Located in Whitewater Canyon in the Gila National Forest, the Catwalk Recreation Area is a fantastic place to visit. In addition, the area has an interesting history throughout time.
The creek flowing through the canyon provided electricity and water for the nearby mining town of Graham, also called Whitewater, founded by John T Graham in the early 1890s. Leading to an ore processing mill, pipes were built and bolted to the canyon walls with simple wooden planks attached above. This catwalk is how the area got its name. All was well until around 1913 when the mill was no longer profitable and the town dried up with most leaving the area.
Utilizing the same original path of the pipes, the Civilian Conservation Corps came into the canyon in the 1930s and rebuilt the catwalk. This version lasted until the 1960s when the Forest Service upgraded the catwalk to today’s steel walkways.
In addition to having a history in area mining, the canyon also served as a sanctuary for those seeking refuge from the law. Apache leader, Geronimo, utilized the canyon in the late 1800s hiding from US Army soldiers. Gila Apache, or Chiricahua, had been calling this area home for several centuries.

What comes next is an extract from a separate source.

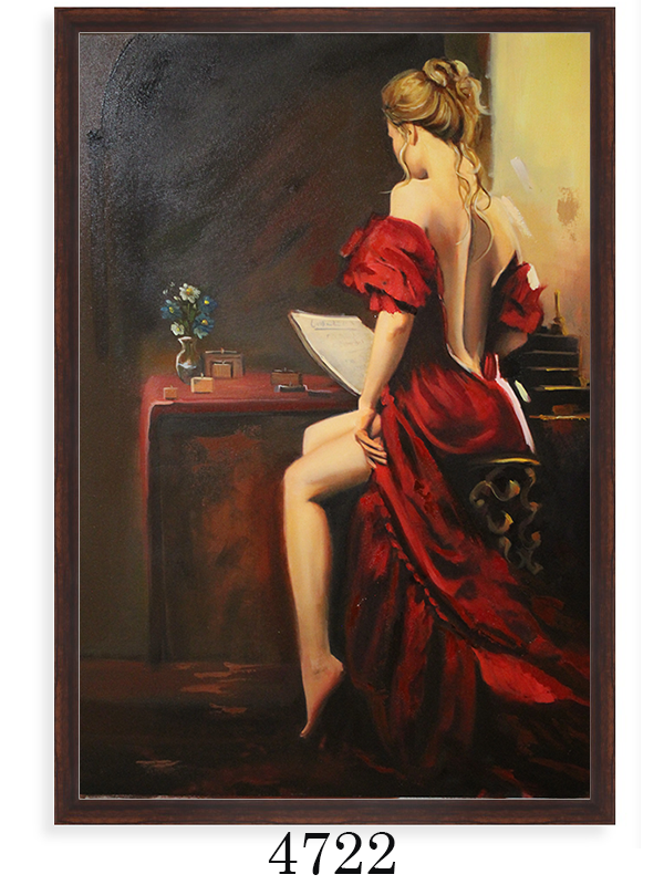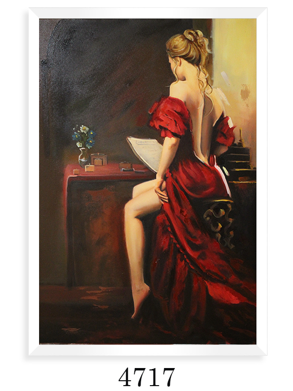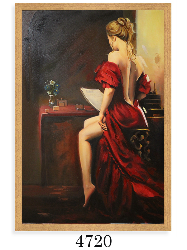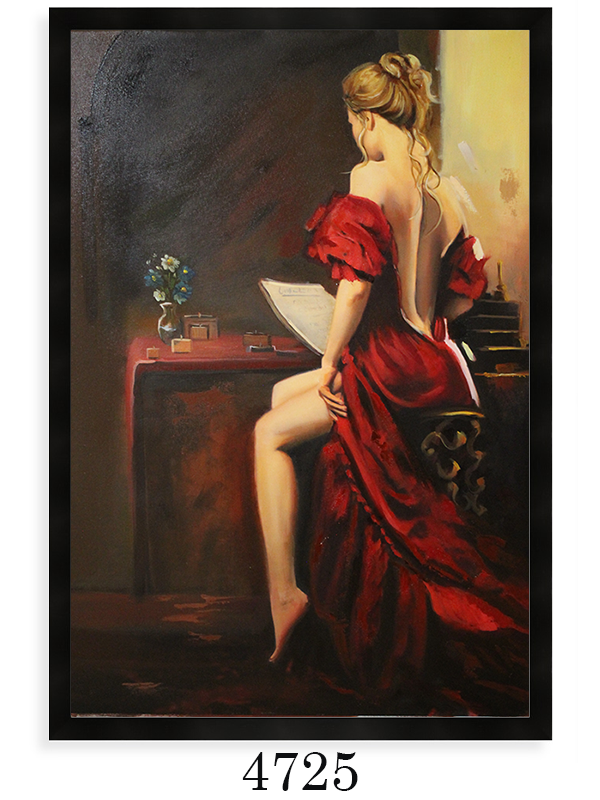 این نقاشی خیرهکننده، زنی را در لباسی بلند و سرخرنگ به تصویر میکشد که غرق در نتهای موسیقی است. او با ظرافتی خاص بر روی صندلی نشسته و پشت به بیننده دارد، در حالی که نور ملایمی از پنجرهای در سمت راست، فضای اتاق را روشن کرده است. جزئیات لباس و بافتهای پارچه با استادی تمام به تصویر کشیده شدهاند و چینوشکنهای آن زیبایی و شکوه خاصی به اثر بخشیدهاند. فضای کلی نقاشی حالتی رمانتیک و دلنشین دارد و گویی داستان ناگفتهای از احساسات و هنر را روایت میکند. استفاده از رنگهای گرم و نورپردازی حسابشده، عمق و حس آرامشبخشی به این تابلوی هنری بخشیده است. |

Outlaw Butch Cassidy also sought protection in the canyon while evading the Pinkertons. He had been working as a ranchman herding cattle at the WS Ranch just north of Alma, New Mexico. It is said that once Pinkerton attention was focused on that area, that Cassidy packed up and fled towards the mountains.
Today the Catwalk is open from sunrise to sunset and is a popular destination in the summer months. Throughout the 2 mile trail, visitors can walk on the catwalk above the creek in the footsteps where irrigation pipes once were. The first half-mile of the trail is paved and ADA accessible, however, further along, the paved section ends and dirt trails and stone steps would make accessibility difficult. There are some moderately steep grades in sections.
Should one choose to explore further, there are sections of the trail that cross the creek and provide options to dip into the water. Located near the end of the Catwalk Trail is a popular waterfall-fed “swimming hole” that hikers can use to cool off.